ArrayList<Integer> result = (ArrayList<Integer>) IntStream.rangeClosed(1, 10)
                .boxed()
                .filter(i -> 10 % i == 0)
                .flatMap((Integer i) -> {return i!=5 ? Stream.of(i, (10/i)):Stream.of(i);})
                .collect(Collectors.toList());

This results in the same list as

ArrayList<Integer> result2 = new ArrayList<Integer>();

        for (int i = 1; i <= 10; i++) {
            if (10 % i == 0) {
                result2.add(i);
                if (i != 5) {
                    result2.add(10 / i);
                }
            }
        }

In case your wondering which way is faster the loop method is ~3 times faster than using streams.

Benchmark                     Mode  Cnt      Score     Error  Units
testStreams.Bench.loops       avgt    5     75.221 ±   0.576  ns/op
testStreams.Bench.streams     avgt    5    257.713 ±  13.125  ns/op

Solution 4

You can do this:

List<Integer> result1 = IntStream
    .rangeClosed(1, 10)
    .boxed()
    .filter(i -> 10 % i == 0)
    .map(i -> (i != 5 ? Stream.of(i, 10 / i) : Stream.of(i)))
    .flatMap(Function.identity())
    .collect(Collectors.toList());

View more solutions

57,379

moon

Learn.

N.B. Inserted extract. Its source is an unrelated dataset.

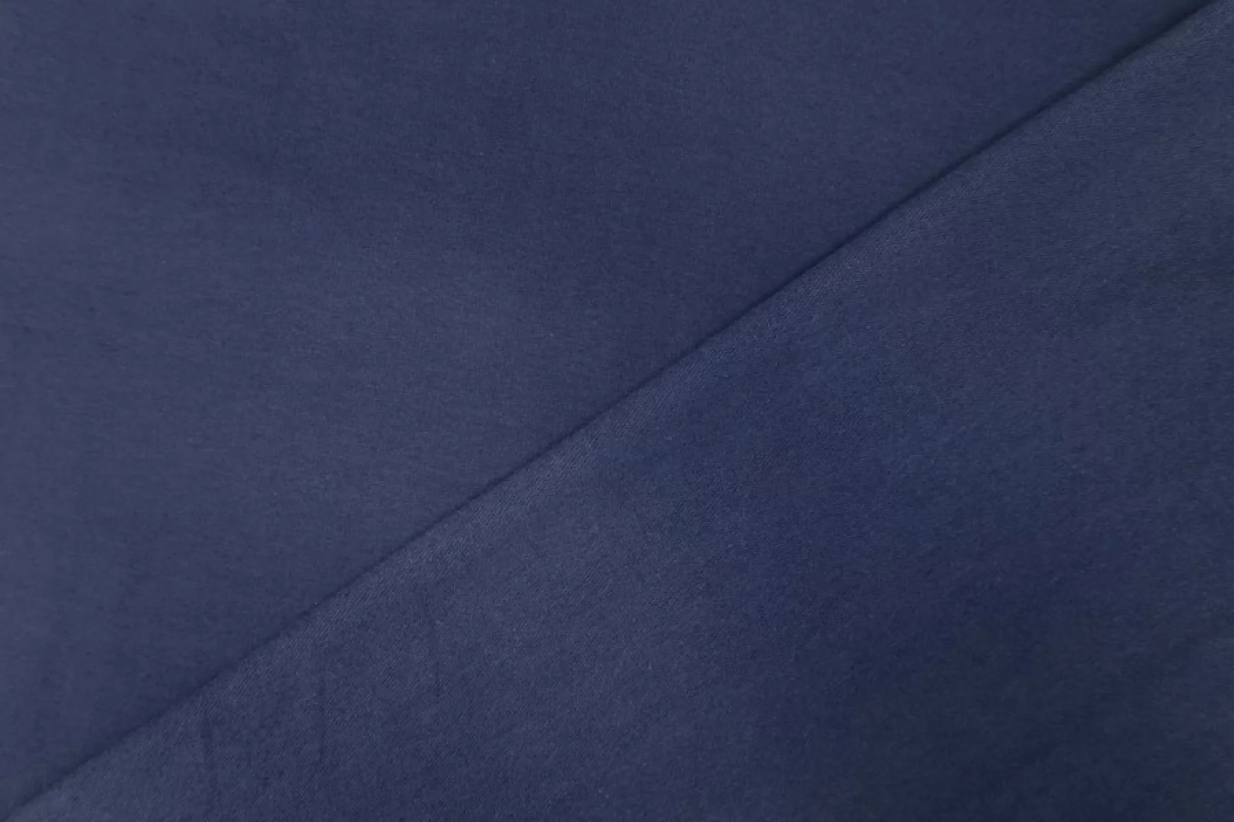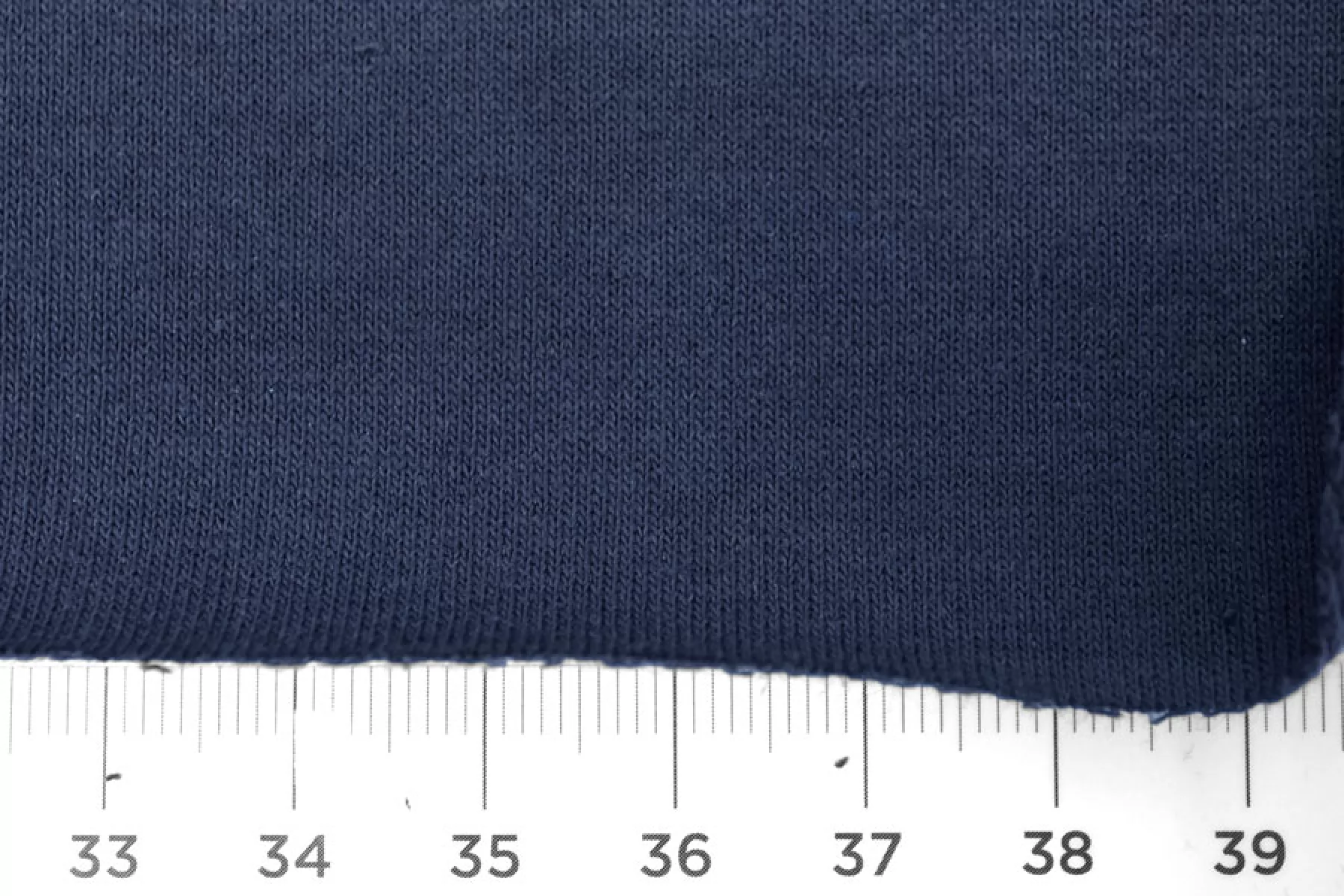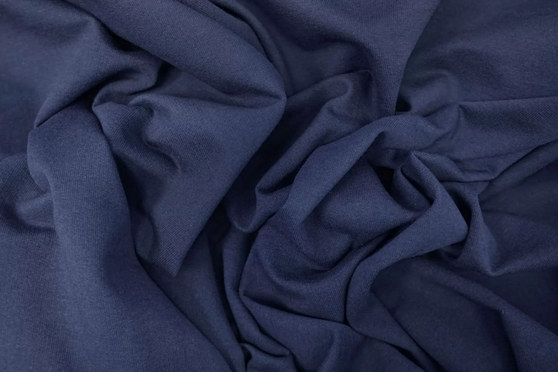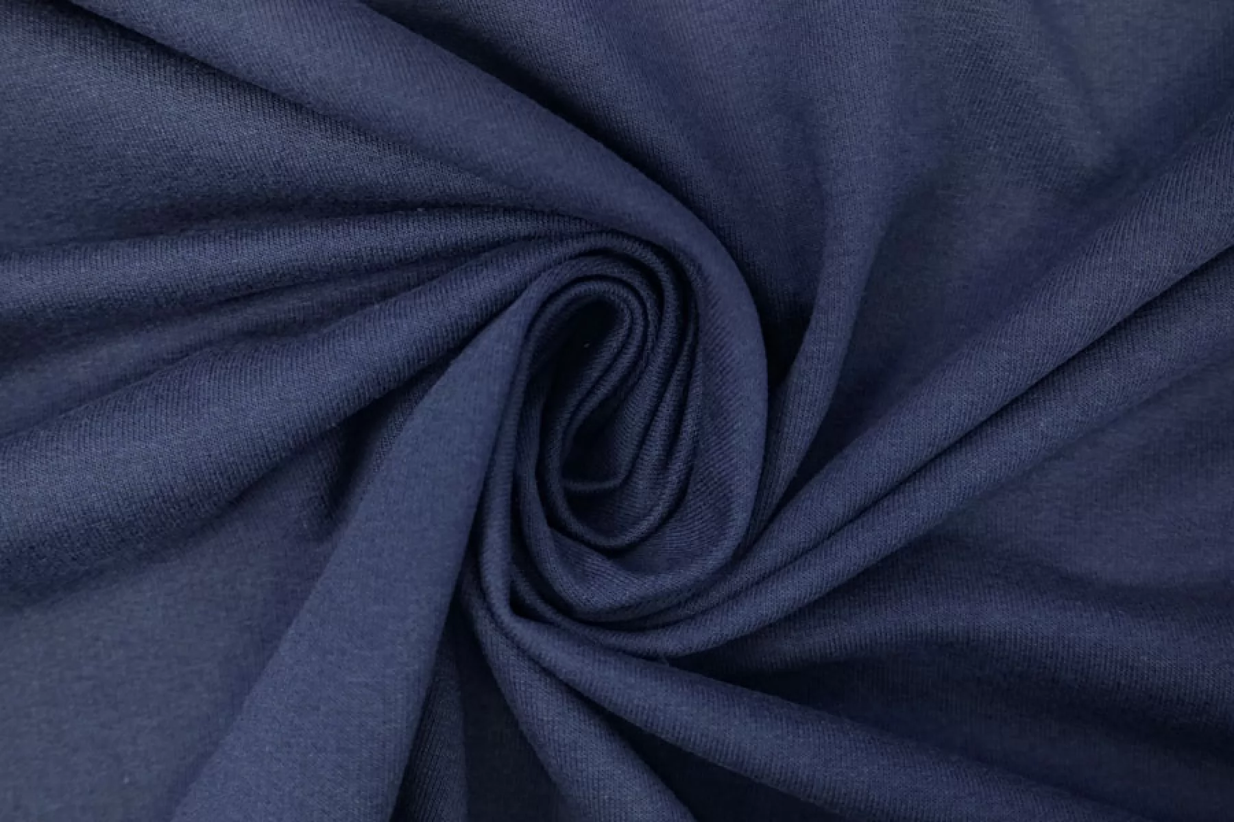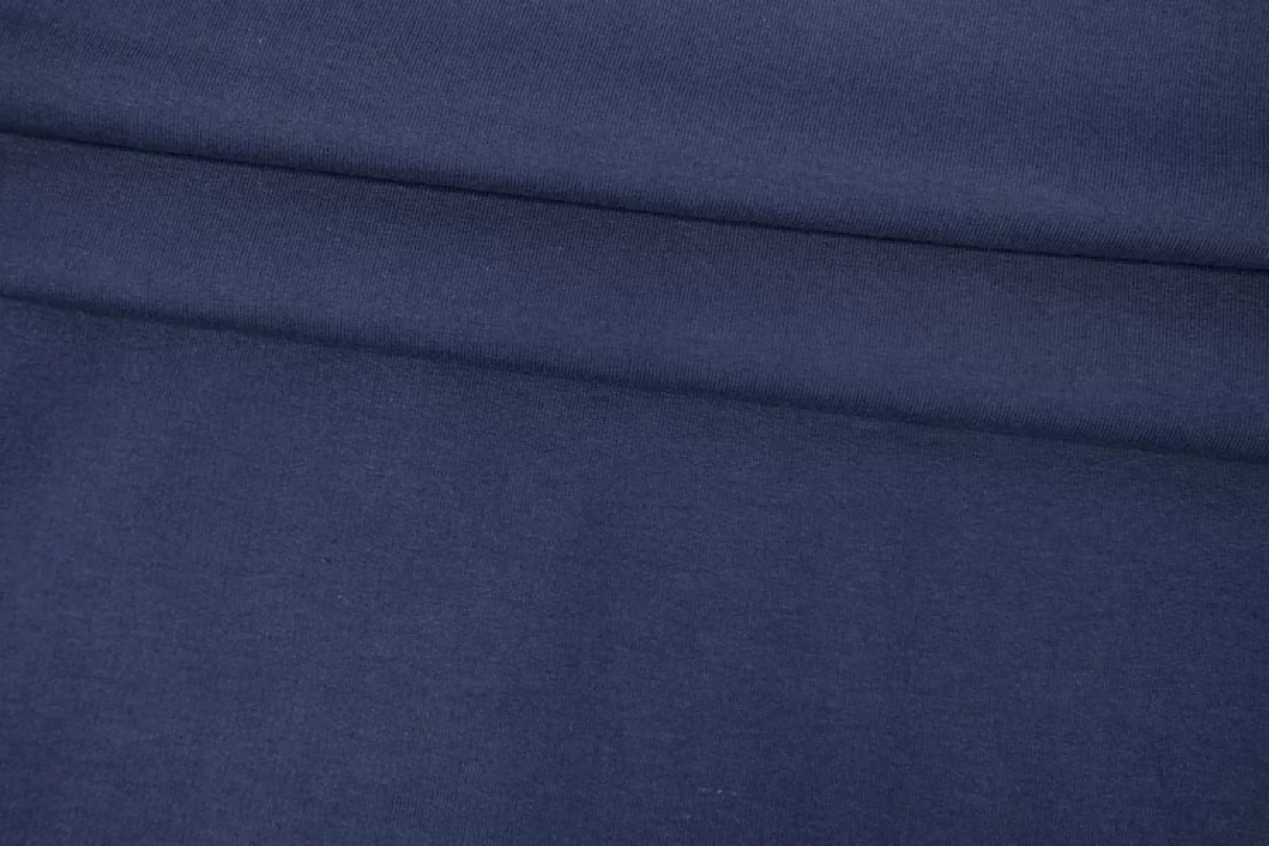 Прекрасный италянский хлопковый футер петля 2-х нитка тонкий в синем оттенке. Очень приятный и мягкий наощупь. Хорошо тянется. Не просвечивает. Держит форму, при этом пластичный. Отличный вариант на теплые комфортные спортивные и домашние костюмы, а также платья, лонгсливы, свитшоты, штаны или шорты.

Live. Sleep....and occasionally do other things.

Updated on May 15, 2020

Comments

moon almost 4 years

I have the following code and would like to implement it using lambda functions just for fun. Can it be done using the basic aggregate operations?

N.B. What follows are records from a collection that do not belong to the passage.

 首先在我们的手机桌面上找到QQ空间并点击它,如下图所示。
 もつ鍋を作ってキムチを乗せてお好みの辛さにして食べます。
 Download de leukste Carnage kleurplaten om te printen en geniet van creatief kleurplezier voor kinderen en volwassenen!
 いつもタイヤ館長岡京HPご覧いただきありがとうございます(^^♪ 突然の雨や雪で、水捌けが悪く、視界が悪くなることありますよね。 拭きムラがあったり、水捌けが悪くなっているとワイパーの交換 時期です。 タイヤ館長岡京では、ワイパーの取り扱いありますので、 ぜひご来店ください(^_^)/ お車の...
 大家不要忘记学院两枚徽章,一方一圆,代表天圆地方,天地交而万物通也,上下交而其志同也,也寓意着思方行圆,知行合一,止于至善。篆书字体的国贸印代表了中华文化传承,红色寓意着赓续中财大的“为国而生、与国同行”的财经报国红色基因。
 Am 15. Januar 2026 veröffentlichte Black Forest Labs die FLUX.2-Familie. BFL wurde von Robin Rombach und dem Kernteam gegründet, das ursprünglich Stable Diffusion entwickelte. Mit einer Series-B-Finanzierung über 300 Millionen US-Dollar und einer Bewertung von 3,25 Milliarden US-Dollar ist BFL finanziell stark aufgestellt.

List<Integer> result = new ArrayList<>();

for (int i = 1; i <= 10; i++) {
    if (10 % i == 0) {
        result.add(i);
        if (i != 5) {
            result.add(10 / i);
        }
    }
}

Using lambda:

List<Integer> result = IntStream.rangeClosed(1, 10)
                                .boxed()
                                .filter(i -> 10 % i == 0)
                                // a map or forEach function here?
                                // .map(return 10 / i -> if i != 5)
                                .collect(Collectors.toList());

moon almost 9 years

but is it possible to do it with map, filter, etc? I am trying to learn the basics of lambda functions. Thanks.
randers almost 9 years

@Z-1 I'm not sure if filters are able to do this, but the syntax would be .filter( i -> { return yourLogic; } )
Dioxin almost 9 years

@Z-1 A lambda expression arises from the use of a functional interface (an interface with only 1 abstract method, such as Runnable; may have multiple default methods). For example, a Thread accepts a Runnable in it's constructor. We could write new Thread(() -> { });. You can even create your own functional interfaces. So to answer "possible to do it with map and filter": yes. It works for all lambdas.
moon almost 9 years

This is interesting. Thanks for the benchmark. I noticed that too, Streams is much slower than traditional for loop.
Mantis almost 9 years

Depends on the application really, operations on ints are some of the simplest operartion you can do, for what you were doing here the overhead in setting up the stream is too high. I found the second answer on this post helpful.
the8472 almost 9 years

the stream overhead does indeed get smaller as the loop range grows larger. doesn't quite vanish in this case though.
marcus over 7 years

I like how you not only answer the question but you also teach how to think about the problem to get to the solution.